El miedo que emanaba del vampiro era casi tangible, una marea que amenazaba con ahogarla. Tulip ingresó a su habitación, sus pies descalzos resonando contra el piso de madera, no obstante, él no estaba allí. En el corto trayecto al baño de Paul, percibió que los otros tres se alarmaban también, al ser golpeados con la angustia de su hermano a través del vínculo.

—"¡Ya estoy yendo hacia él, no se preocupen, chicos!" —les aseguró telepáticamente, con la voz firme a pesar de su propio estado de preocupación, mientras avanzaba hacia el baño moviéndose a una velocidad sobrehumana sin darse cuenta, .

Empujó la puerta del baño con urgencia y lo encontró de pie con la mirada fija en la bañera llena de agua caliente. Su rostro estaba contorsionado en una mueca de absoluto terror, y sus labios temblaban mientras murmuraba cosas ininteligibles. Él no estaba viendo el objeto en sí, sino lo que representaba. Su respiración se había acelerado, y el resto de su cuerpo comenzaba a temblar. Estaba reviviendo el horror de como había muerto años atrás. Detalladamente, recordaba la sensación abrasadora del agua bendita mientras su cuerpo se deshacía como si hubiera caído en ácido. Sus ojos estaban vidriosos y su respiración cada vez más errática.

La joven bruja se dio cuenta shoqueada que los objetos del baño se agitaban violentamente. "¿Magia accidental?" se preguntó. Chasqueó la lengua e hizo sus cavilaciones de lado, archivándolas para un momento posterior y volvió a enfocar su atención en Paul.

—Hermano, estoy aquí. No pasa nada, estás a salvo —dijo Tulip suavemente, acercándose a él lentamente, consciente que cualquier movimiento brusco solo empeoraría las cosas, pudiendo causar que éste arremetiera contra ella cegado por el pánico. Rosó con su magia la magia que salía del vampiro, tratando de mostrar que no era una amenaza.

El rubio no parecía oírla, sus ojos seguían fijos en la bañera, congelado en sus oscuros recuerdos. Tulip llegó a él y lo abrazó atrayendo su cabeza a su pecho, bloqueando la vista de ésta.

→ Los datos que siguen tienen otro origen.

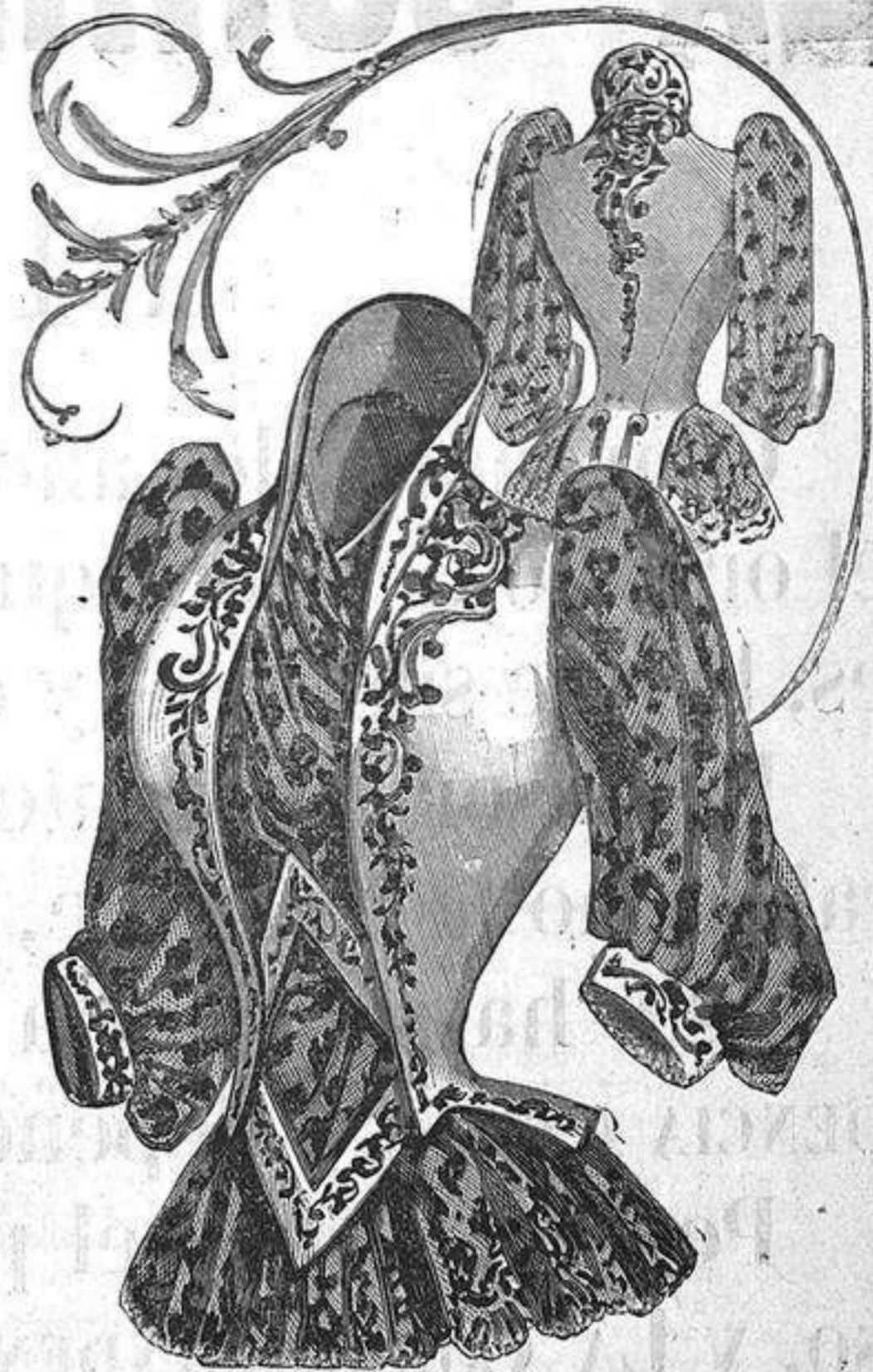
NUM. 3.—Cuerpo de raso duquesa.

Sentía su cuerpo temblar bajo su abrazo.

—Shh, estoy aquí contigo, hermano —susurró, acariciando su cabello con movimientos lentos y reconfortantes—. Todo está bien.

—Vamos, mírame, cariño —le dijo con dulzura la chica y éste hizo lo que le pidió—. Ahora, respira conmigo, ¿sí?

Paul asintió haciendo lo indicado y después de unos minutos, respiraba con normalidad. El joven vampiro cerró los ojos posando su cabeza de nuevo en el pecho de la ojiverde, finalmente cediendo al consuelo de la joven bruja. Mientras tanto, David, Dwayne y Marko llegaron al baño, preocupados al ver a Paul en ese estado.

—¿¡Qué pasa?! ¡¿Qué tiene Paul?! —preguntó alterado Marko, su atención puesta en su hermano.

—Es un ataque de pánico —les explicó Tulip, manteniendo su voz calma y serena—. Pero ya está empezando a tranquilizarse.

—¿Segura? —preguntó Dwaine, sus ojos reflejando una tormenta de emociones, ninguna buena, ante el vulnerable estado de su usualmente alegre hermano menor.

—Sí, descuiden. Tengo esto —les dijo con clara firmeza Tulip.

—Te lo encargamos entonces —le dijo David, serio. Ninguno de ellos era bueno para brindar consuelo a otro, por lo que era mejor que su hermana tratara con Paul, en lugar de uno de ellos.

—Por supuesto —les dijo ésta. Con renuencia, uno a uno, regresaron a sus habitaciones, dejando a los dos solos.

—Nina, retira la bañera de este baño, por favor -pidió la joven azabache, sin soltar al vampiro rubio, quien también la había rodeado con sus brazos. Un extraño sonido de *pop* se escuchó dos veces en el lugar, no obstante, el vampiro no le puso mente, más interesado en el dulce sonido de los latidos del corazón de Tulip, los cuales lo ayudaron mucho.

El vampiro comenzó a relajarse poco a poco, sus temblores disminuyendo a medida que las palabras tranquilizantes de Tulip surtían efecto. Cuando finalmente se sintió mejor, se soltó a regañadientes de su cálido abrazo, miró alrededor y notó que la bañera ya no estaba.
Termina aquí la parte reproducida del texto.